Study population and sample acquisition

We recruited 730 traumatic patients in the department of Orthopaedics at Shanghai Jiao Tong University Affiliated Sixth People’s Hospital. Cases were 146 patients with HO (53 women; age range, 9–60 years) and control 1 group (Ctrl 1) were 292 age- and sex-matched patients without HO after taking arthrolysis for the stiff elbow (106 women; age range, 9–60 years) and control 2 group (Ctrl 2) were 292 age- and sex-matched patients with fracture healing after open reduction internal fixation (106 women; age range, 8–60 years).
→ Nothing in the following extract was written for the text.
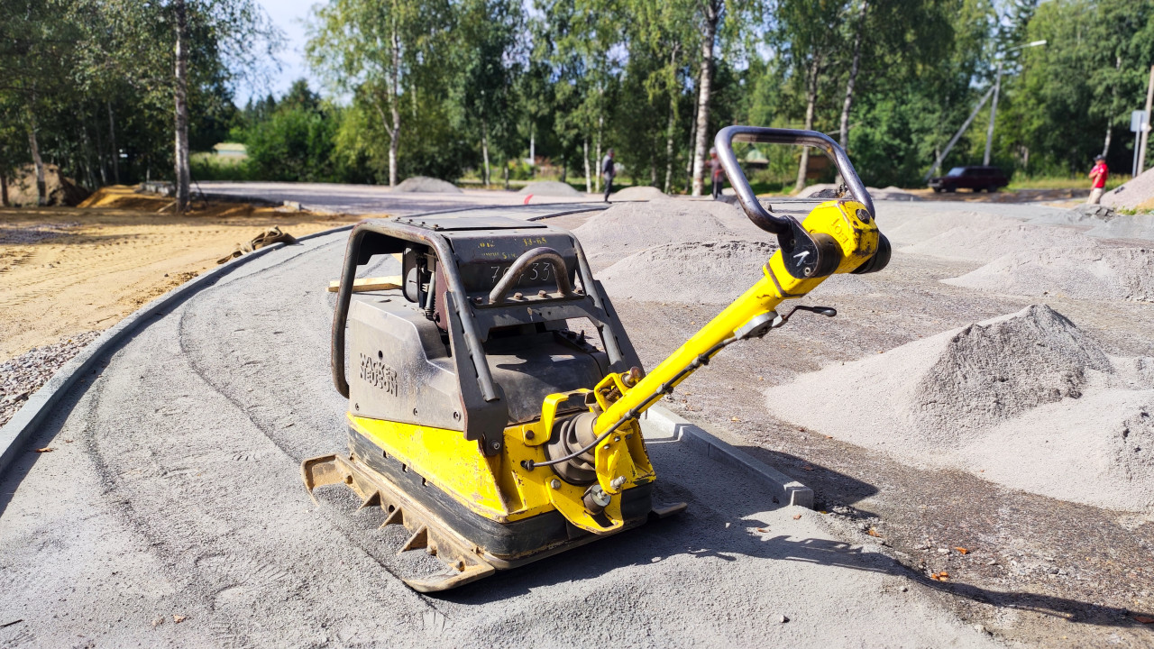 строительство дорожные работы виброплита виброплита для уплотнения уплотнение грунта уплотнение песка строительный инструмент оборудование ремонт дорог подготовка основания песок основание бордюр бетонный бордюр инертные материалы щебень следы шин стройплощадка благоустройство укладка плитки тротуар пешеходная зона городская среда деревья рабочие техника строительные технологии летоПохожие фотографии

HO was diagnosed independently by a radiologist and an orthopedic surgeon, who were blinded to the treatment which patients received. Exclusion criteria included affected bone metabolic diseases, renal dysfunction (serum creatinine >2 mg/dl), mental disorder, diabetes mellitus, hyperprolactinemia, rheumatoid arthritis, malabsorption syndromes, malignant tumors, hematological diseases, or a history of pathological fractures, or patients with medications of glucocorticoids, estrogens, thyroid hormone, parathyroid hormone, floride, bisphosphonate, calcitonin, thiazide diuretics, barbiturates and antiseizure medication. Trained stuff (n = 730) administered a detailed questionnaire face to face. Samples of ectopic bone from patients with HO and serum from all participants of each group were obtained between October 2010 and November 2014. Venous blood samples were drawn for measuring serum level of miR-630 within 8 hours after injury and 3 months and 1 year after surgery, respectively. Serum miR-630 level was measured using qRT-PCR. This study was approved by our ethics committees and was conducted in accordance with the principles of the Declaration of Helsinki.
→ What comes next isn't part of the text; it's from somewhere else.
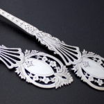 ひとつひとつ、糸鋸で模様を切り出していった職人の技が堪能できる逸品です。

qRT-PCR analysis for miR-630 of serum

For qRT-PCR analysis of miR-630, TaqMan miRNA reverse transcription kit and a TaqMan miRNA assay kit (Applied Biosystems, Foster City, CA, USA) were used. Quantitative real-time PCR was performed on the ABI PRISM Sequence Detection System (AppliedBiosystems). The mean C_t values of each sample were determined from triplicate reactions. The relative expression level of miR-630 examined was calculated by log₂|2 ^DC_t|, in which DC_t was defined as the subtraction of the C_t value of the miR-630 from the C_t value of internal control U6 small nuclear RNA, respectively.

Statistical analysis

SPSS 15.0 software (SPSS Inc., Chicago, IL, USA) was used for statistical analysis. All values are expressed as the Mean ± SEM of at least three separate experiments, using a two-tail Student’s t test to carry out comparisons of two independent groups. P value of < 0.05 was considered to be statistically significant. The AUC was used to compare the ability of miR-630 to discriminate patients with “HO” from those with other processes leading to bone formation. The optimal cut-points of miR-630 for indicating patients with HO were determined on the basis of the maximal of the Youden index (sensitivity plus specificity minus 1) with approximately equal weight being given to sensitivity and specificity.

Study approval

This study was conducted according to the principles expressed in the Declaration of Helsinki. The clinical study and all mice experiments were reviewed and approved by the ethical committee of Shanghai Jiao Tong University Affiliated Sixth People’s Hospital. All participants in this study or their parents or legal guardians have signed written informed consent for the collection of samples and subsequent analyses.